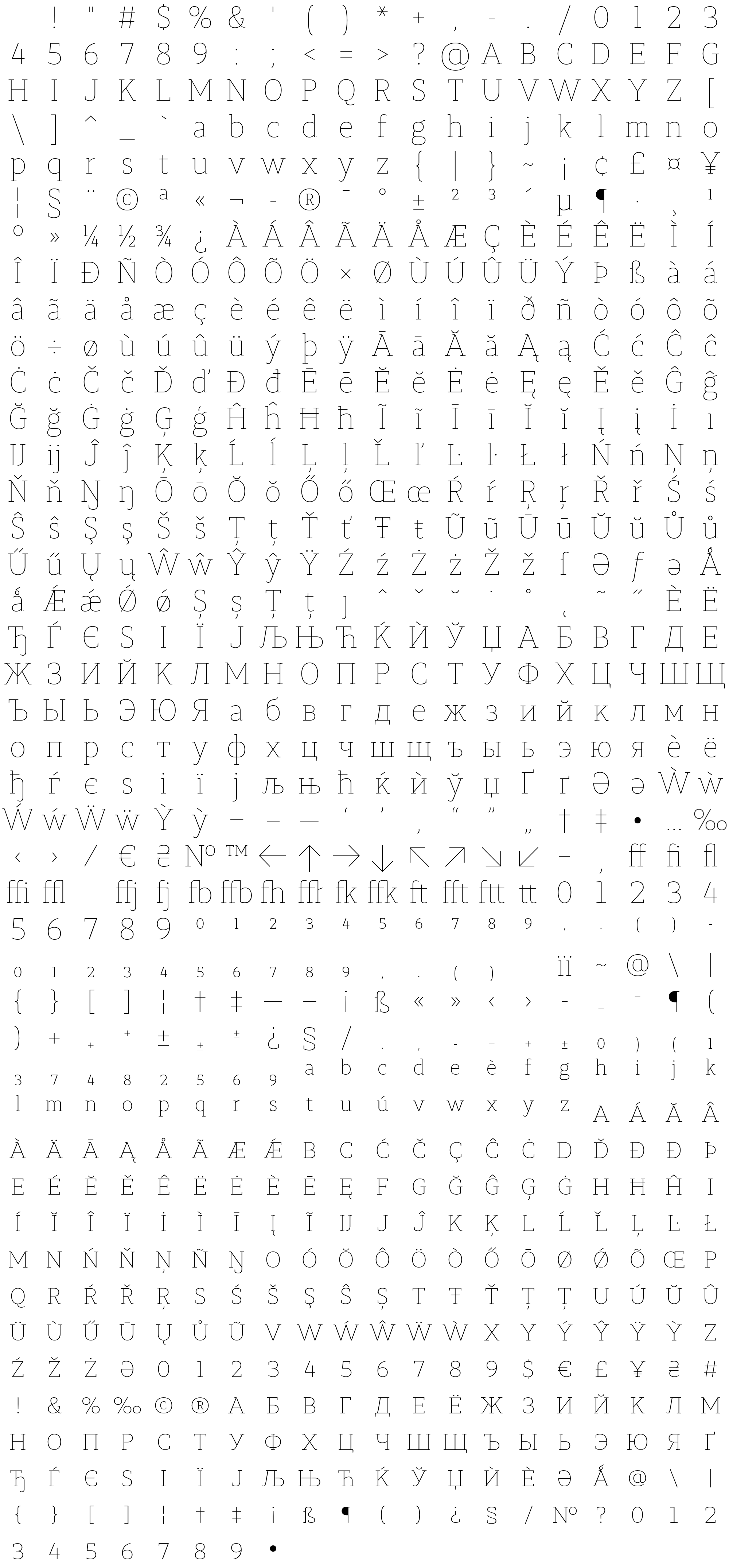 Due to the nature of thumbs' generation process, some of the glyphs in the glyph map may appear cropped.
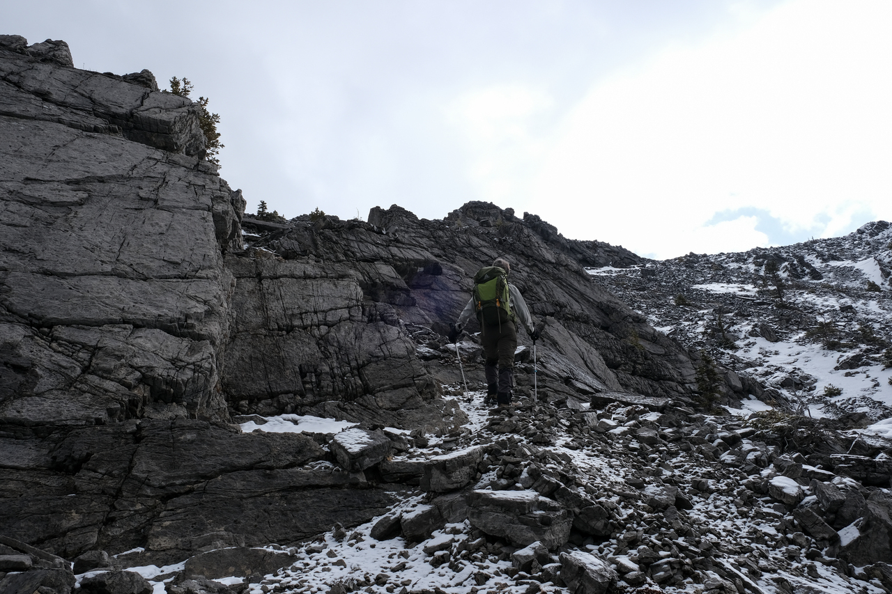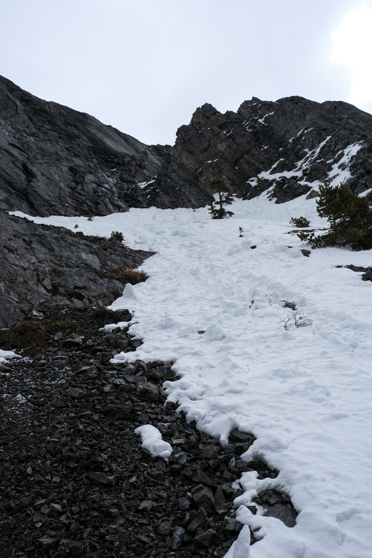 We soon reached the point where the ridge narrows and becomes blocky, and saw two trail runners (who had passed us earlier) turning around. They said that the terrain was a bit too much to stomach, and were calling it a day. With this information in mind, we were prompted to descend a short scree slope to climber's right, to try traversing below the slabby ridge crest. Definitely not the day to try a difficult route with all the slippery snow!
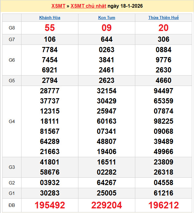 Chuyên gia Lô Đẹp Hôm Nay dự đoán soi cầu XSMT 18-1-2026 Chủ Nhật hàng tuần. Cùng các cao thủ chốt số giờ vàng gồm đài XS Khánh Hoà – Kon Tum và tần xuất lô tô đang chạy điều, để đưa ra tính toán xác xuất dự đoán kết quả cầu lô giải đặt biệt đầu đuôi, giải lô tô 2 số, lô xiên chính xác nhất, được thực hiện bởi Admin và cùng hàng nghìn thành viên tham gia tại diễn đàn của chúng tôi..
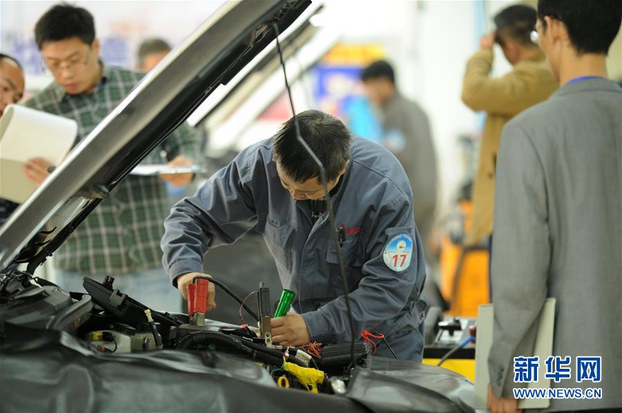 參賽選手在貴陽市第二屆技能之星競技大賽決賽汽車維修項目比賽中(2015年11月17日攝)。大賽吸引5000余名來自貴州省中、高等職業院校的學生參加。新華社記者 陶亮 攝
━━━━━━━━
## [Exercise requirements]
Leaving the pictures aside, transcribe the entire listing exactly.

## [Result of this task]
 Due to the nature of thumbs' generation process, some of the glyphs in the glyph map may appear cropped.
 We soon reached the point where the ridge narrows and becomes blocky, and saw two trail runners (who had passed us earlier) turning around. They said that the terrain was a bit too much to stomach, and were calling it a day. With this information in mind, we were prompted to descend a short scree slope to climber's right, to try traversing below the slabby ridge crest. Definitely not the day to try a difficult route with all the slippery snow!
 Chuyên gia Lô Đẹp Hôm Nay dự đoán soi cầu XSMT 18-1-2026 Chủ Nhật hàng tuần. Cùng các cao thủ chốt số giờ vàng gồm đài XS Khánh Hoà – Kon Tum và tần xuất lô tô đang chạy điều, để đưa ra tính toán xác xuất dự đoán kết quả cầu lô giải đặt biệt đầu đuôi, giải lô tô 2 số, lô xiên chính xác nhất, được thực hiện bởi Admin và cùng hàng nghìn thành viên tham gia tại diễn đàn của chúng tôi..
 參賽選手在貴陽市第二屆技能之星競技大賽決賽汽車維修項目比賽中(2015年11月17日攝)。大賽吸引5000余名來自貴州省中、高等職業院校的學生參加。新華社記者 陶亮 攝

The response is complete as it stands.